- Opening Delimiter -

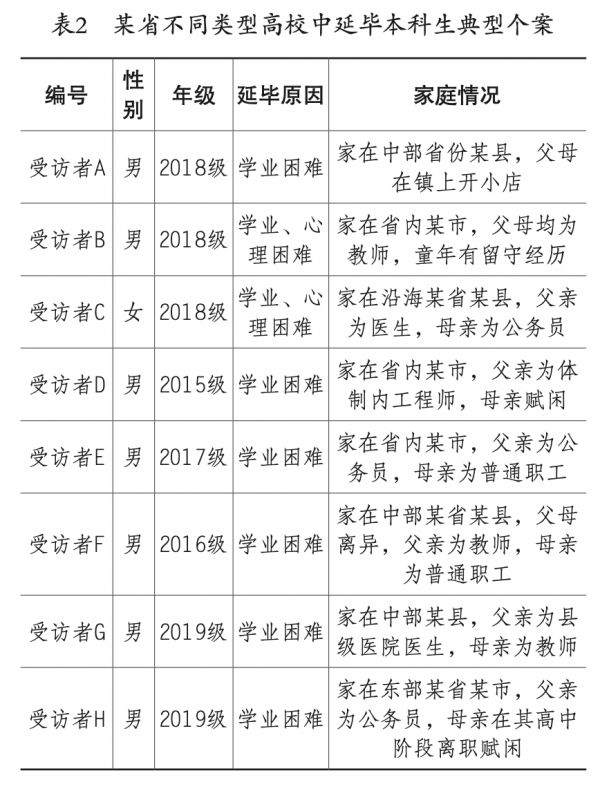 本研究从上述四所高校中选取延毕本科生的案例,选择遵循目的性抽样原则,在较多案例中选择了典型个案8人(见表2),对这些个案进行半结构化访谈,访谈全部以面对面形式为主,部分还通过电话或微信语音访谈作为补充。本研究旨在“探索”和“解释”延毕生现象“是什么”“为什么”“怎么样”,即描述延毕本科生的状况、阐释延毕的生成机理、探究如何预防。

- Closing Delimiter -
- Opening Delimiter -

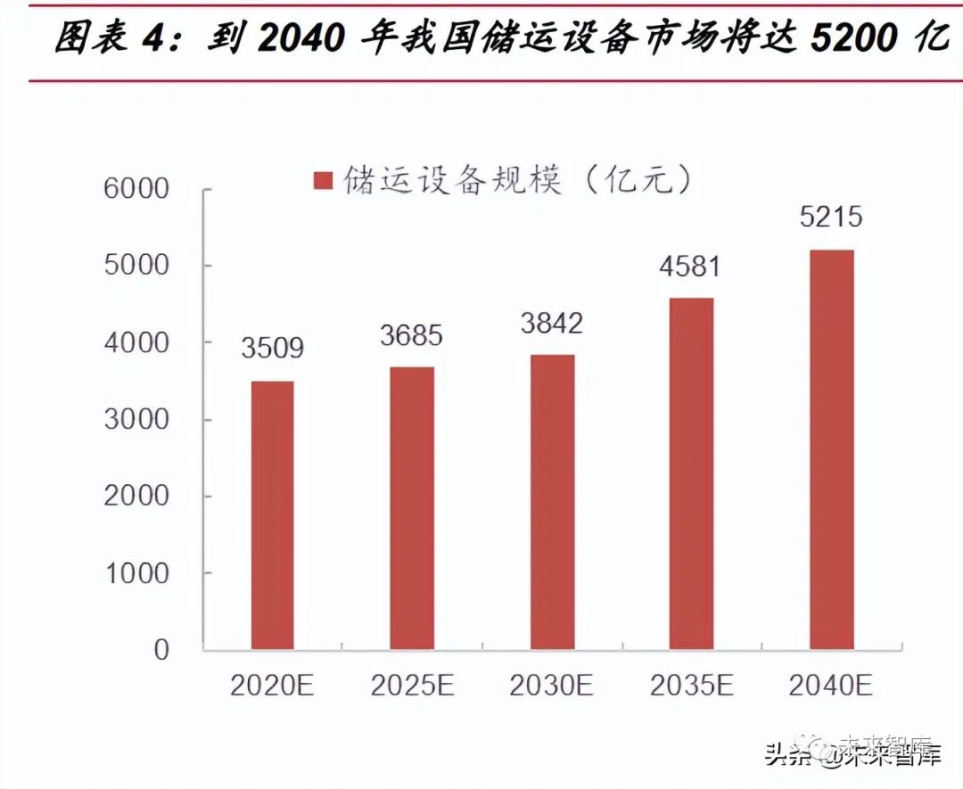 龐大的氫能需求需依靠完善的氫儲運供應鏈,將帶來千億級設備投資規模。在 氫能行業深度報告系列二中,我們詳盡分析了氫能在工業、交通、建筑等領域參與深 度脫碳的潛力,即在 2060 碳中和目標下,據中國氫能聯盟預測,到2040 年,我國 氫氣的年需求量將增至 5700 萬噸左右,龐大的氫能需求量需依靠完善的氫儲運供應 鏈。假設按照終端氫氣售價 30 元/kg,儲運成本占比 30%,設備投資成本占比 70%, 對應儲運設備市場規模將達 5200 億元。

- Closing Delimiter -
- Opening Delimiter -

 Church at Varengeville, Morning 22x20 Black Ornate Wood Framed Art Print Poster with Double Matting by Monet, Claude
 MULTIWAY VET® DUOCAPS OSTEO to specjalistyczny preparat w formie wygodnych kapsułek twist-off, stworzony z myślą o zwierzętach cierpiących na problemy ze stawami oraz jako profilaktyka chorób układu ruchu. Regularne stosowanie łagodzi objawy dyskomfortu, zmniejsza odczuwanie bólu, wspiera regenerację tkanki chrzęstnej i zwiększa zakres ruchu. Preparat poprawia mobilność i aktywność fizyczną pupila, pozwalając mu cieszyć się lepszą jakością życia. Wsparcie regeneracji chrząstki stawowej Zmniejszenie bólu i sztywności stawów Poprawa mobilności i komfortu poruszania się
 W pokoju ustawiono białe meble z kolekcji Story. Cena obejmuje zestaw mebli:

- Closing Delimiter -

# [TASK TO CARRY OUT]
Everything above from the line containing "MULTIWAY VET® DUOCAPS" down to the line containing "W pokoju ustawiono" should be copied exactly, both end lines included, and nothing else.

# [SOLVED EXERCISE]
 MULTIWAY VET® DUOCAPS OSTEO to specjalistyczny preparat w formie wygodnych kapsułek twist-off, stworzony z myślą o zwierzętach cierpiących na problemy ze stawami oraz jako profilaktyka chorób układu ruchu. Regularne stosowanie łagodzi objawy dyskomfortu, zmniejsza odczuwanie bólu, wspiera regenerację tkanki chrzęstnej i zwiększa zakres ruchu. Preparat poprawia mobilność i aktywność fizyczną pupila, pozwalając mu cieszyć się lepszą jakością życia. Wsparcie regeneracji chrząstki stawowej Zmniejszenie bólu i sztywności stawów Poprawa mobilności i komfortu poruszania się
 W pokoju ustawiono białe meble z kolekcji Story. Cena obejmuje zestaw mebli:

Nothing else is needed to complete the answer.